Data warehouse: Databricks (Delta Lake, Unity Catalog, SQL Warehouses)
Orchestration: Databricks Workflows — multi-task DAGs with explicit dependency graphs
Frontend: Streamlit — multi-page app, fragment-based tab isolation, session state management
LLM integration: Azure OpenAI GPT-4o via LiteLLM, with Databricks AI/BI Genie as fallback
ML: Databricks-hosted models for churn scoring, LTV cohort modeling, product affinity
CI/CD: GitHub Actions, containerized deployment
Monitoring: Custom z-score anomaly detection, live pipeline health checks

What I Built

10 production dashboards across two product lines

The platform covers two distinct business units — direct-to-consumer e-commerce and B2B dealer/distributor sales — each with their own data models, KPIs, and user personas.
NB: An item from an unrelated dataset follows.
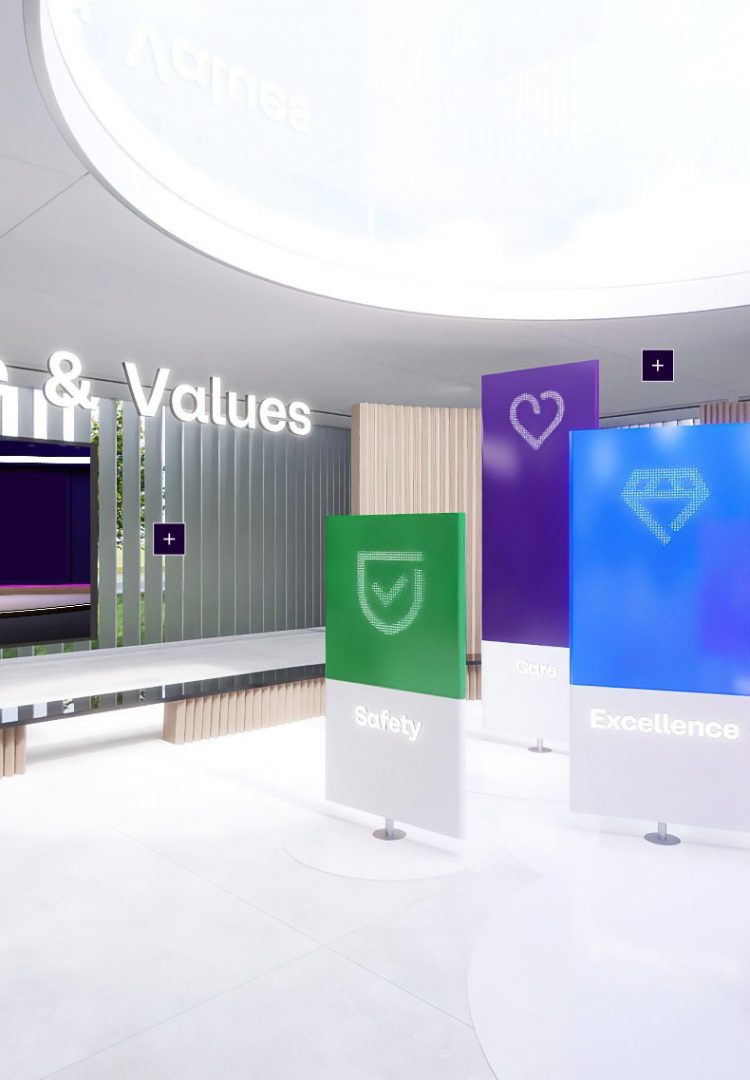 Von der ersten Raumskizze bis zum finalen Launch stecken wir unser Herzblut in die virtuelle Ausstellung. Konzeptionell reflektiert der Pavillon die neue CI des Konzerns, bietet ebenso für den virtuellen Rundgang Orientierbarkeit und Flexibilität. Am Stichtag präsentiert sich der Pavillon simultan 17.000 Brenntag Mitarbeiter:innen, die weltumspannend die neue Marke feiern.

Rather than one monolithic dashboard, I built a navigation-driven multi-page app where each page is purpose-built for a specific decision type.

B2C dashboards:

Paid media ROI — ROAS by channel, dayparting heatmaps, demographic bid optimisation
Revenue analysis — 14 markets, WoW/YoY comparisons, anomaly highlighting
LTV & cohort analysis — retention curves, LTV/CAC ratio, acquisition channel quality
Out-of-stock impact — lost revenue estimation, supply chain alerts
Multi-touch attribution — linear vs last-click, identifying under/overvalued channels
ML Intelligence — churn risk scoring, product affinity, session feature analysis
Live notification centre — anomaly alerts, ROAS alerts, funnel collapse detection

AI-powered natural language querying

One of the flagship features is a Chat with Data interface — users ask questions in plain language and get SQL-backed answers with narrative explanations.

The pipeline:

GPT-4o generates SQL from the user’s question using a dynamically-built system prompt with live schema context, actual column sample values, and few-shot examples
A safeguard layer validates the SQL — read-only, allowlisted tables, LIMIT wrapper
Results are executed against Databricks and cached by MD5 hash
A streaming narrative plus follow-up suggestions are generated in one pass (saves 2–3s vs two separate calls)
If the LLM produces no valid SQL, Databricks Genie handles the fallback

The system learns over time — thumbs-up feedback saves successful query patterns as few-shot examples that improve future responses.

Anomaly detection engine

Built a z-score based system that compares each day’s metrics against a 28-day rolling baseline:

z = (today_value − 28d_mean) / 28d_stddev

critical: |z| > 3
warning:  |z| > 2

This runs as a scheduled Databricks job and writes to a gold table that powers both the dedicated anomaly dashboard and the live notification centre. Users see cards ranked by severity the moment they open the app.

Out-of-stock revenue impact model

Built an estimation model that flags products with high search/view intent but zero purchases, quantifies lost revenue using lost_atc × CVR × AOV, and surfaces actionable alerts by market. This has directly driven supply chain escalations — with the data attached.

Pipeline monitoring and self-healing

Part of the engagement was keeping the platform reliable, not just building it. I instrumented all 29 data tables with freshness checks and built a health audit that runs against the Databricks Jobs API to validate:

Last successful run timestamp per table
Days since last write
Job dependency graph integrity

During this I identified and fixed two production pipeline failures:

Race condition — a market scorecard notebook tried to read a table 6 minutes before a parallel task finished creating it. Fixed by adding an explicit task dependency in the Databricks job DAG.
Quota exhaustion death spiral — a third-party API ingest notebook kept retrying after hitting rate limits, burning through the daily quota. Fixed by patching the notebook to cap daily API calls within quota limits, then redeploying via the Databricks Workspace API.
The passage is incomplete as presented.